Subject to the terms of allotment, the board may from time to time make calls on the members in respect of any moneys unpaid on their shares (whether in respect of nominal value or premium). Each member shall (subject to receiving at least 14 clear days' notice specifying when and where payment is to be made) pay to the Company the amount called on his shares as required by the notice. A call may be required to be paid by instalments. A call may be revoked in whole or part and the time fixed for payment of a call may be postponed in whole or part as the board may determine. A person on whom a call is made shall remain liable for calls made on him even if the shares in respect of which the call was made are subsequently transferred.

Time when call made

29.
A call shall be deemed to have been made at the time when the resolution of the board authorising the call was passed.

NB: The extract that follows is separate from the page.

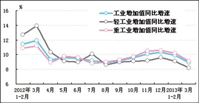 一季度,工业增加值同比增速为9.5%,比去年全年增速回落0.5个百分点。其中,轻、重工业增速分别为8.7%和9.8%,分别比去年全年回落1.4和0.1个百分点。工业生产增速回落与春节假期有关,其中,轻工业增速的回落与消费增速放缓有关。总体来看,由于国内外需求逐步回升,工业生产回升基础并未改变,不过,工业生产增速的回落也表明生产持续加速的艰难性。
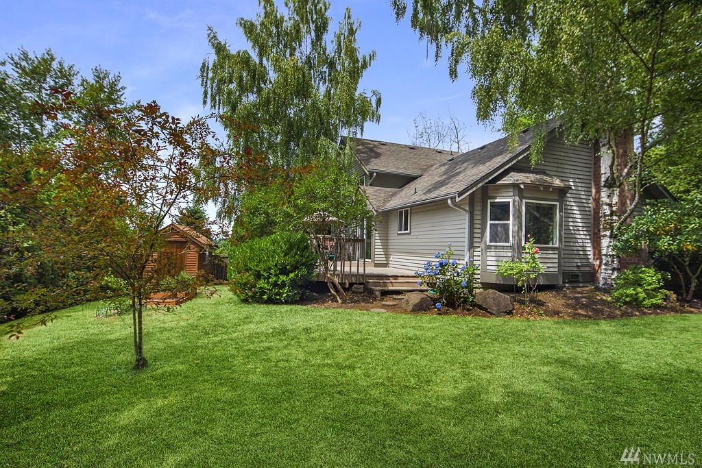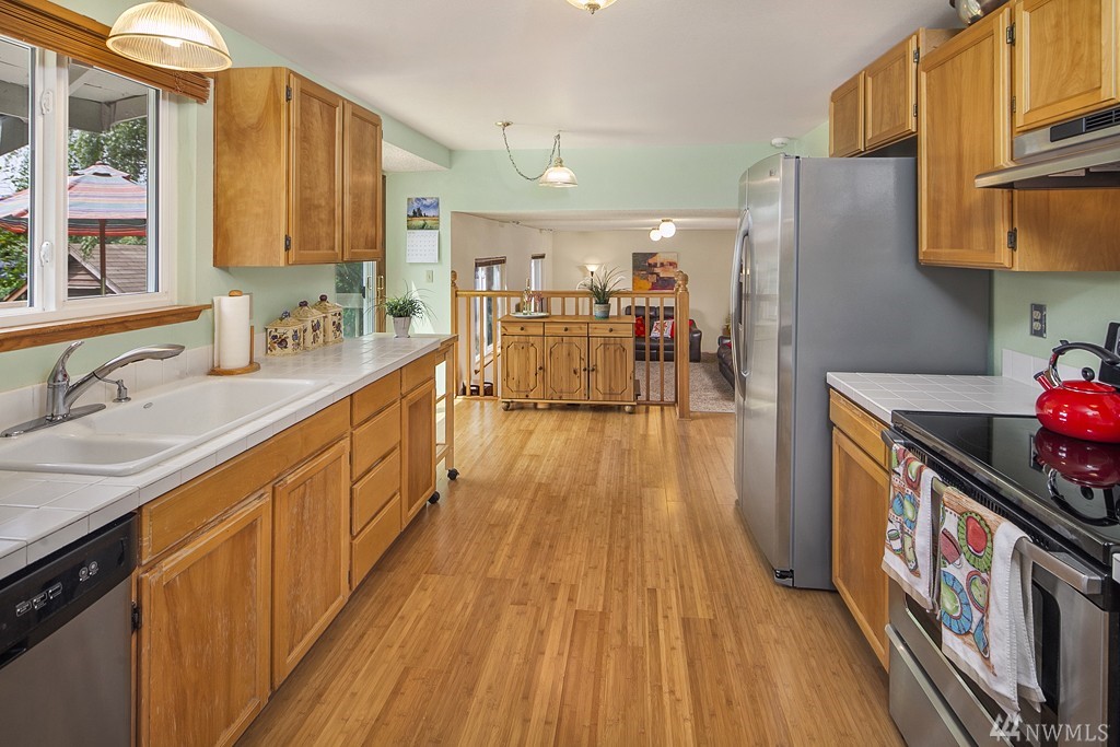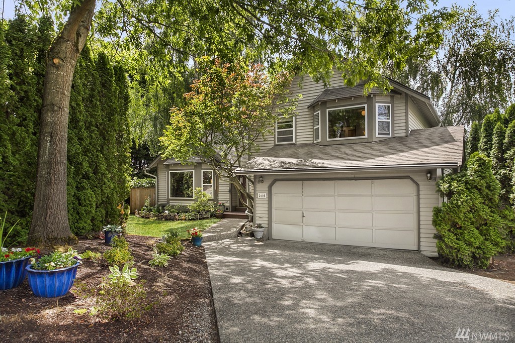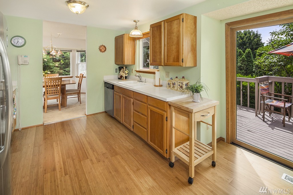 Quiet, cul-de-sac location. Nicely updated tri level floor plan. Living room has front bay window with etched glass & brick fireplace with gas insert. Adjoining formal dining room with bay window. Updated kitchen with tile counters, stainless appliances & bamboo flooring. Spacious lower level family room with adjoining guest bath. Generous master bedroom has walk-in closet and bay window. Vinyl windows, Leaf-Guard gutters. Large fenced yard with mature landscaping. Backs to neighborhood park.

Liability of joint holders

30.
The joint holders of a share shall be jointly and severally liable to pay all calls in respect of it.

Interest payable

31.
If a call or any instalment of a call remains unpaid in whole or in part after it has become due and payable the person from whom it is due and payable shall pay interest on the amount unpaid from the day it became due and payable until it is paid. Interest shall be paid at the rate fixed by the terms of allotment of the share or in the notice of the call or, if no rate is fixed, the rate determined by the board, not exceeding 15 per cent. per annum, or, if higher, the appropriate rate (as defined in the Act), but the board may in respect of any individual member waive payment of such interest wholly or in part.

Deemed calls

32.
An amount payable in respect of a share on allotment or at any fixed date, whether in respect of nominal value or premium or as an instalment of a call, shall be deemed to be a call duly made and notified and payable on the date so fixed or in accordance with the terms of the allotment. If it is not paid the provisions of these Articles shall apply as if that amount had become due and payable by virtue of a call duly made and notified.

Differentiation on calls

33.
Subject to the terms of allotment, the board may make arrangements on the issue of shares for a difference between the allottees or holders in the amounts and times of payment of calls on their shares.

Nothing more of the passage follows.